Imposible reseñar la multitud de tipos, calles, ambientes y situaciones por las que atraviesa Gabriel. Es obvio que Galdós se inspiró en la tradición picaresca de los Siglos de Oro para darle vida, pero también experimentó con otros subgéneros narrativos del momento como las novelas romántica y cortesana, y el folletín, o practicó la metaliteratura –en ese homenaje a Otelo que inserta al final de La corte de Carlos IV– un siglo antes de ponerse de moda. Todo cupo en esa pluma rápida y fresca, en su período fluido y cervantino: el pueblo y la nobleza, los palacios y los talleres, los personajes ficticios y los históricos.
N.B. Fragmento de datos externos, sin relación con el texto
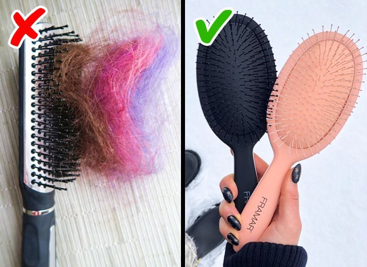 В результате запущенная расческа даже чистым локонам сможет придать жирности, отнять часть объема и прибавить ломкости. При этом страдает и кожа головы: появляются зуд, покраснения и даже перхоть. Поэтому лучше удалять все волоски с щетки после каждого использования и тщательно мыть ее раз в неделю.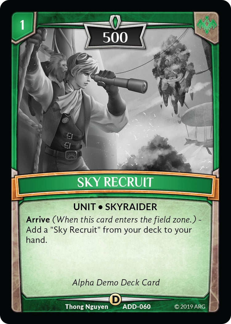 Arrive (When this card enters the field zone.) - Add a "Sky Recruit" from your deck to your hand.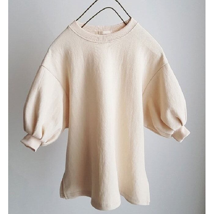 ポワンとした袖が可愛いワンピースです♪スウェット地なので動きやすく活発なお子様にも♡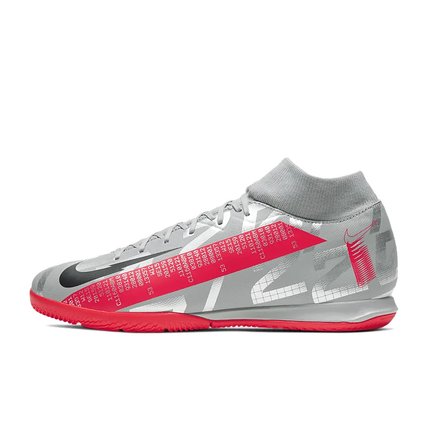 - De binnenkant van de Nike Mercurial Superfly bevat een lichtgewicht, geperforeerde 3D-inlegzool. Deze is verbonden met een speciale chassis, welke ervoor moet zorgen dat je nog sneller kunt reageren. Iedere maat heeft een andere chassis. Dit betreft de zogenaamde NikeGRIP technologie. Deze is uitgerust met een speciale 3D structuur die perfect aansluit op de inlegzool in de schoen. Hierdoor ga je niet met je voeten in de schoenen schuiven en het zorgt ook nog eens voor een perfecte demping van schokken.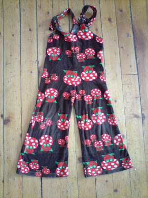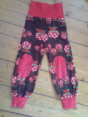 Men så var det yndlingsbuksa mi fra den gangen jeg sprang rundt og var liten.... den var bare SÅ kul i utgangspunktet! Brun velur med sopp. Men akk - selebukse, som ingen av mine unger vil gå i. Det var jo litt leit da - jeg hadde allerede prøvd å presse den på to av ungene. Nå var det to igjen som kunne passe den, før den måtte ligge en generasjon og vente på ny mulighet.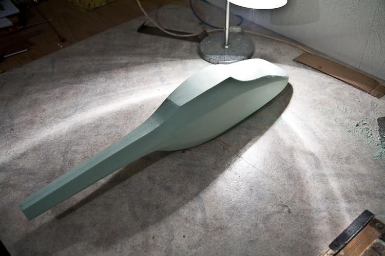 Mehrere Stunden ( oder Tage ? ) Abraspeln und Schleifen mit 80er Leinwand an den richtigen Stelle lassen eine vielflächige Modellform entstehen, an der man die Symmetrie gut überprüfen kann, indem man das ganze ins Licht hält und die Kanten rechts und links vergleicht.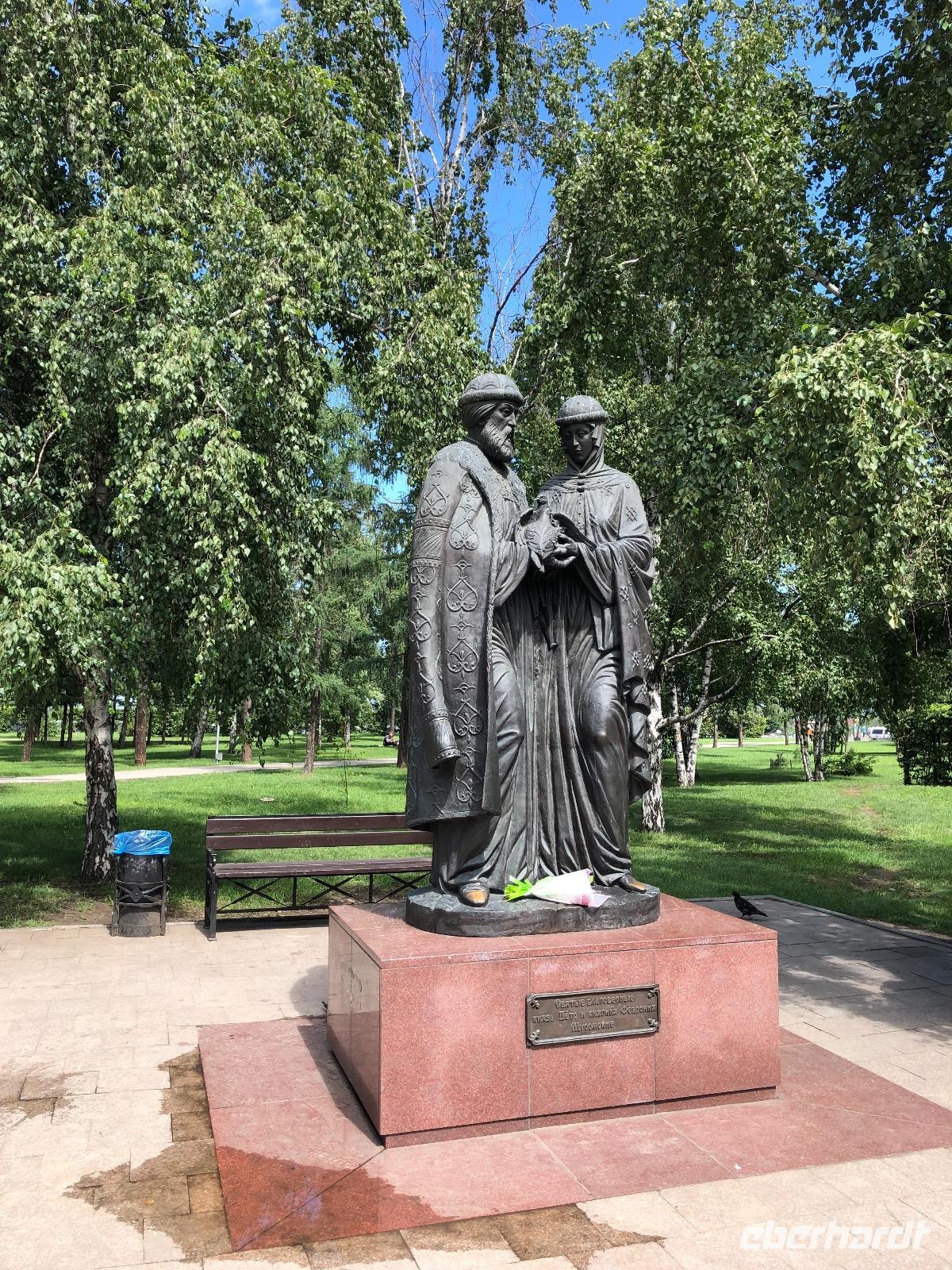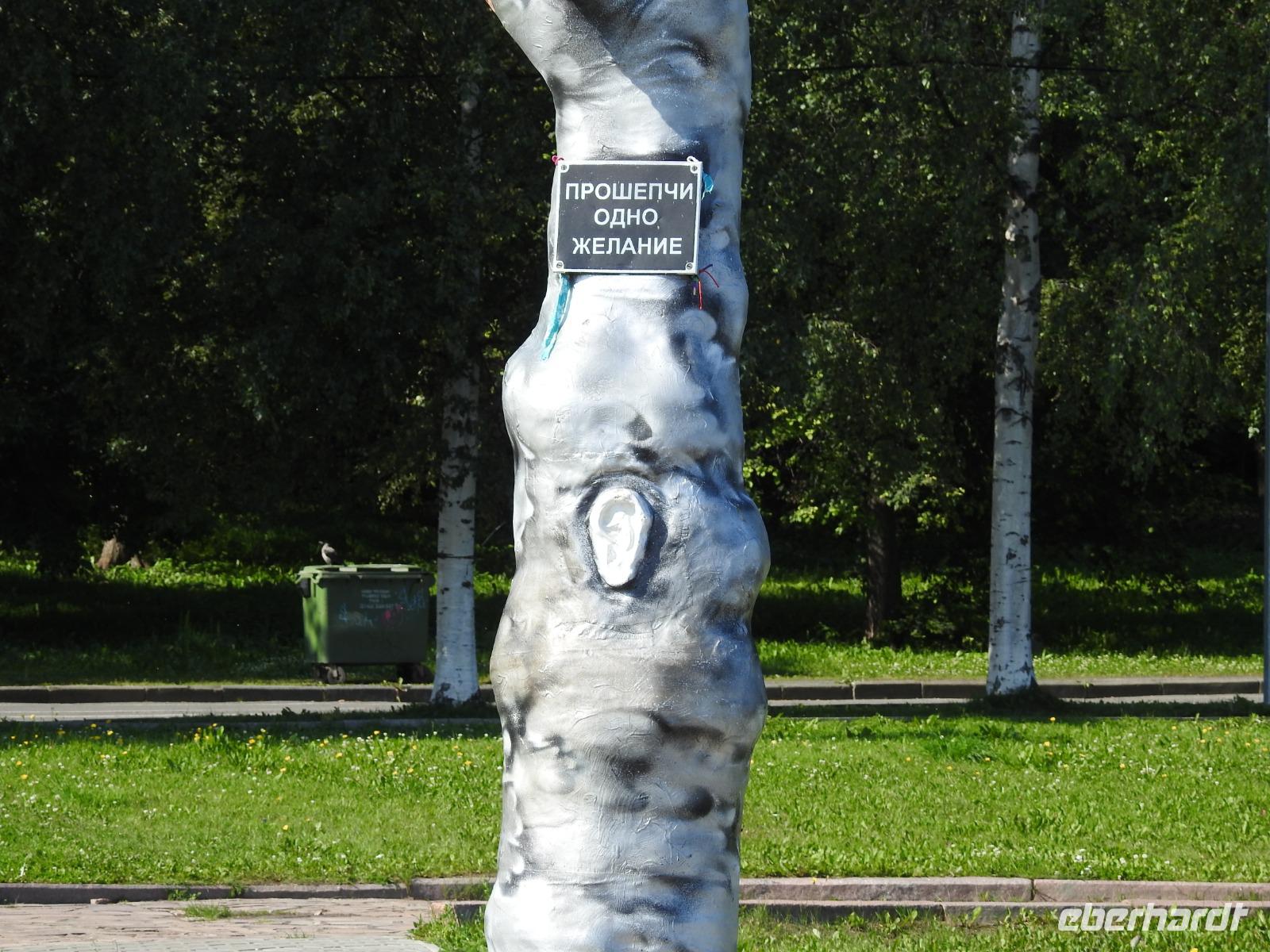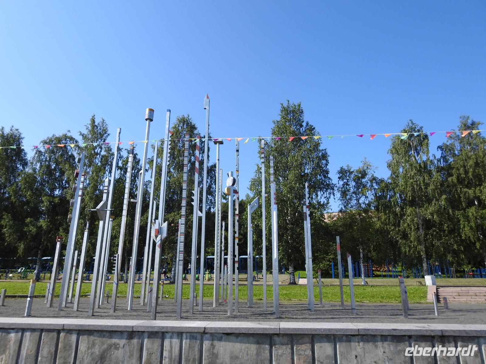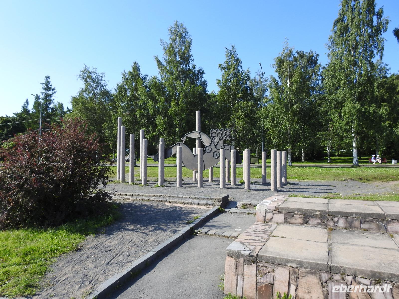 Nach dem Frühstück verladen wir unser großes Gepäck in den wirklich kleinen Bus. Aber irgendwie passt alles hinein. Wir fahren wieder zum Onegasee und unternehmen einen Spaziergang entlang der Uferpromenade. Überall sind Skulpturen aufgestellt, die Petrosawodsk von Partnerstädten geschenkt wurden. Am auffälligsten sind die FISCHER, zwei Figuren aus Metall über denen ein stilisiertes Fischernetz schwebt. Das Bronzedenkmal für Peter den Großen, das sich am Ende der Uferpromenade befindet, ist die älteste Skulptur und stammt aus dem Jahre 1873.

Lástima que, después, el modernismo y las vanguardias influyeran tanto en los gustos del público (perdonable) y de la crítica (esperable): Galdós pasó a ser poco más que un plomizo narrador obsesionado por el grosor de sus grisáceos volúmenes y, consecuentemente, por el importe de sus pingües honorarios. Puede que sí o puede que no. Incluso puede que tuviera negros a su cargo. ¿Cuántos no han escrito largo a propósito? Pero su idea sentó un precedente que siguieron, a regañadientes o no, Unamuno, Baroja y Valle-Inclán, y que debería haber sido un espejo para la moderna literatura histórica –esa que, salvo excepciones, bien poco se ha mirado en él–.
Pero es igual. Da gusto leer los prólogos a las ediciones ilustradas, donde el avezado escritor que ya era Galdós reconoce sus propios límites (tópico de humildad incluido), da una lección magistral de cómo escoger la voz del narrador o nos desvela los entresijos de las, a su juicio, precarias imprentas de la época. Y es un placer sumergirse en su prosa, descubrir tipos tan quijotescos como el capitán Alonso y el marinero Marcial; tan mezquinos como los hermanos Requejo; tan prudentes y desafortunados como el afilador Chinitas. Y pasearse por el Madrid galdosiano (por algo se acuñó el adjetivo) para descubrir palabras, giros, modismos y expresiones de un resplandeciente castellano que algunos creerán muy modernas cuando las oyen por la calle, pero que están escondidas en ese tesoro de miles y miles de suculentas páginas que son los Episodios nacionales.